STORED DATA START

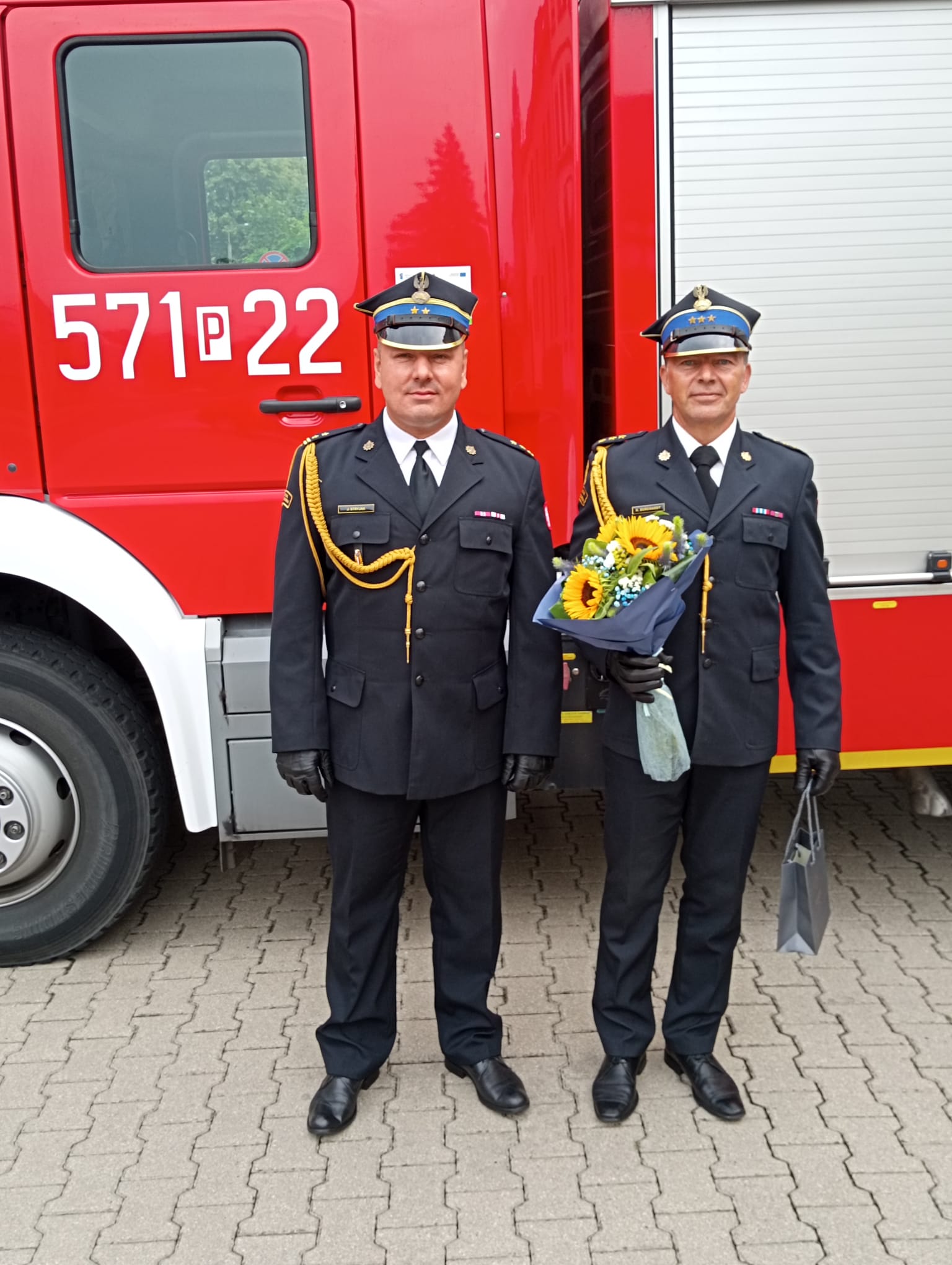 którzy otrzymali nagrody przyznane przez Wielkopolskiego Komendanta Wojewódzkiego Państwowej Straży Pożarnej za swoją postawę i zaangażowanie podczas działań prowadzonych w ramach centralnego odwodu operacyjnego, związanych z zabezpieczeniem przeciwpowodziowym województwa śląskiego w lipcu 2025 roku.
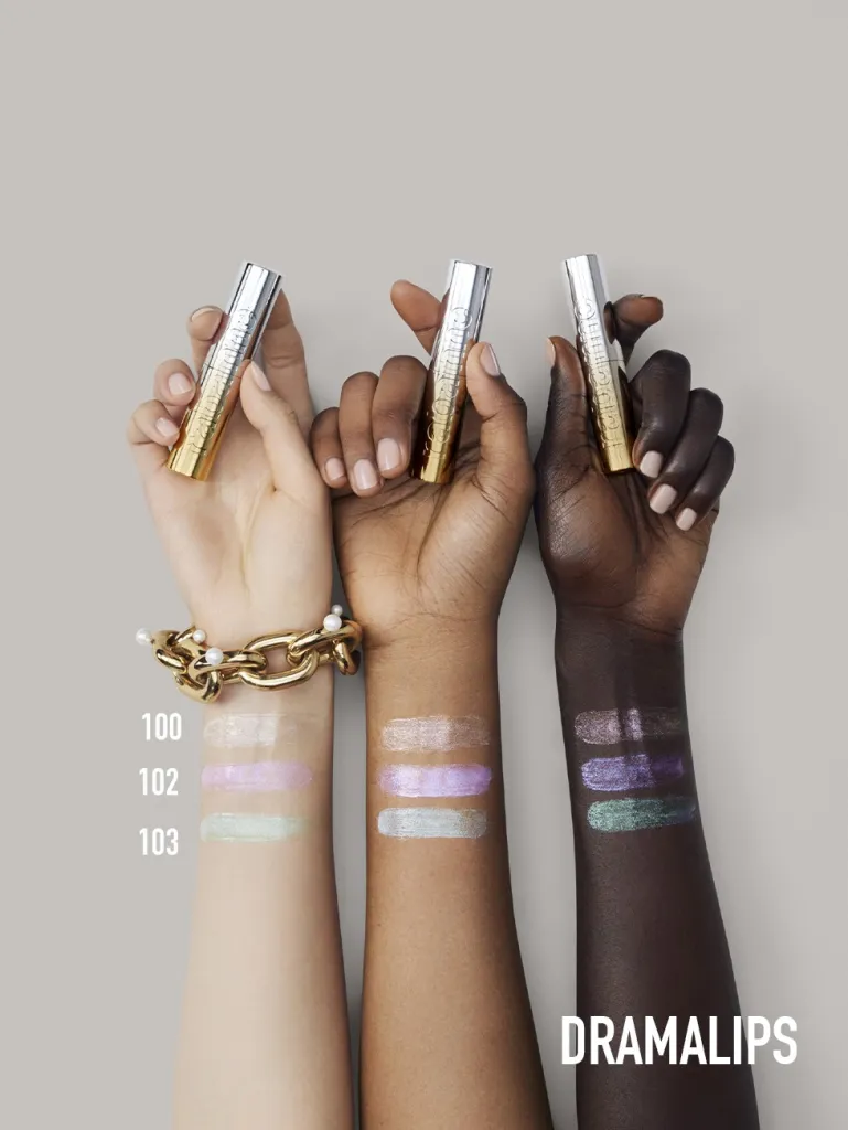 Высокопигментированная помада-блеск, яркий цвет одним нанесением. Преодолейте границы с помощью Dramalips - ультра-блестящей помады с мгновенным блеском 350%.
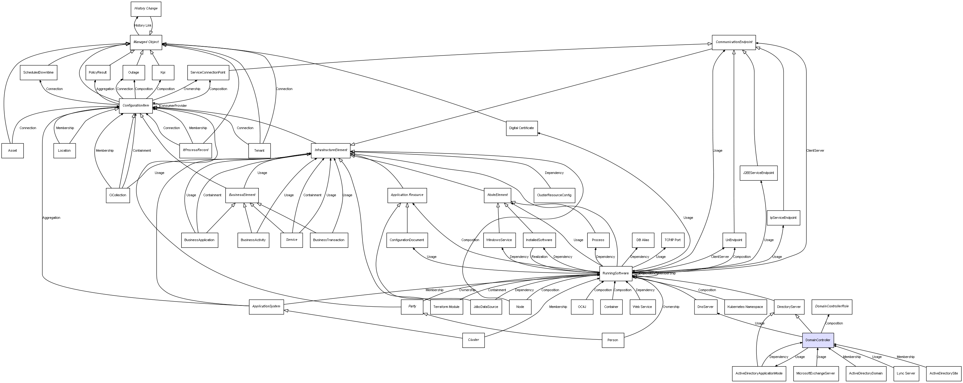 | ConfigurationItem | ServiceConnectionPoint | Composition | Represents a relation between 2 objects where one is contained within the other, and the included object can not exist without its container. Therefore, when the container is deleted, all its contained object will be automatically removed |
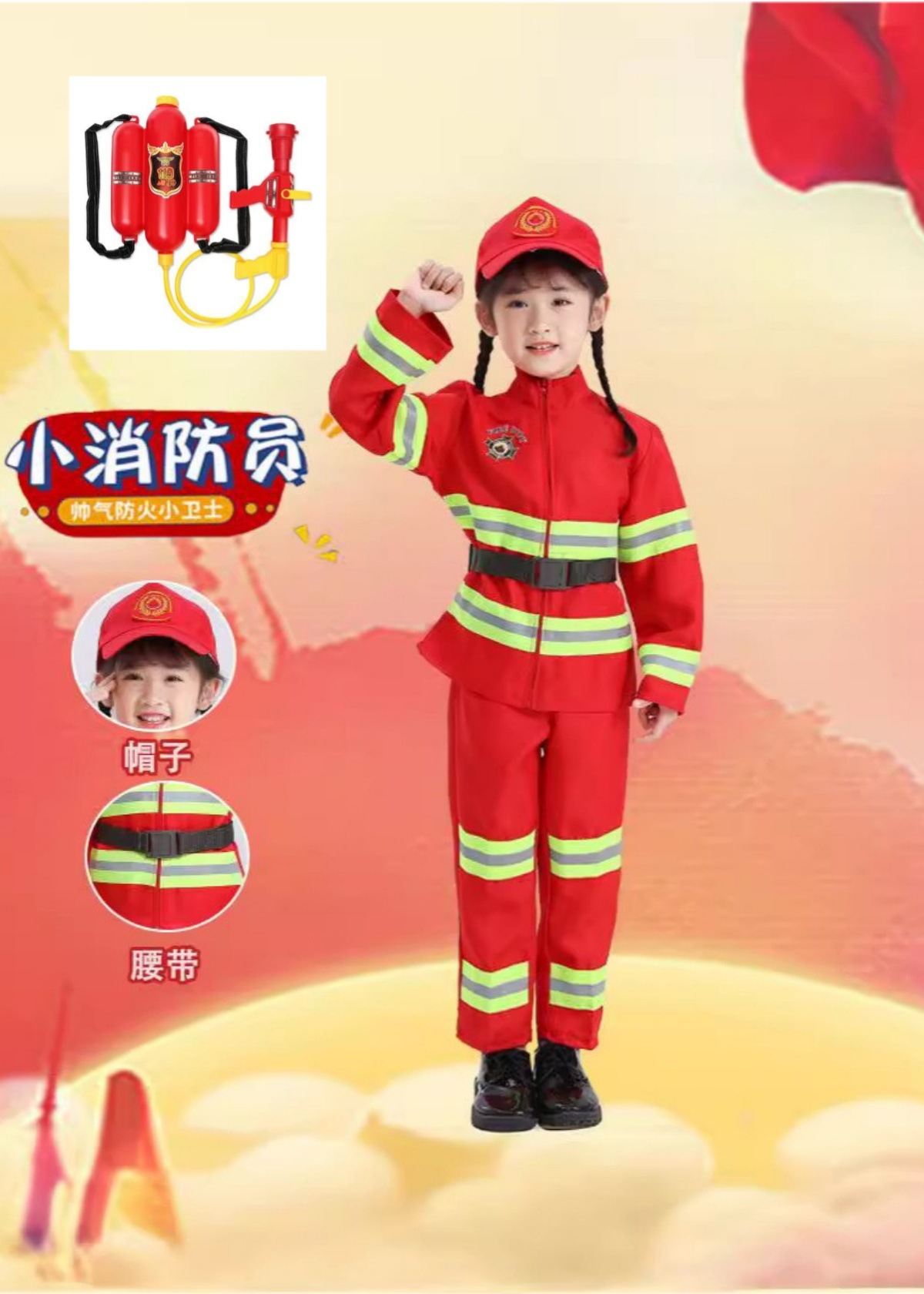 • 소방 의류 벨트 배낭 물 총 소방 헬멧

STORED DATA END

▸ EXERCISE PROMPT: Lines before the one containing "Высокопигментированная помада-блеск, яркий" are not wanted; repeat that line and the rest of the listing exactly, leaving out pictures.

▸ SOLUTION TO THE PROBLEM:
 Высокопигментированная помада-блеск, яркий цвет одним нанесением. Преодолейте границы с помощью Dramalips - ультра-блестящей помады с мгновенным блеском 350%.
 | ConfigurationItem | ServiceConnectionPoint | Composition | Represents a relation between 2 objects where one is contained within the other, and the included object can not exist without its container. Therefore, when the container is deleted, all its contained object will be automatically removed |
 • 소방 의류 벨트 배낭 물 총 소방 헬멧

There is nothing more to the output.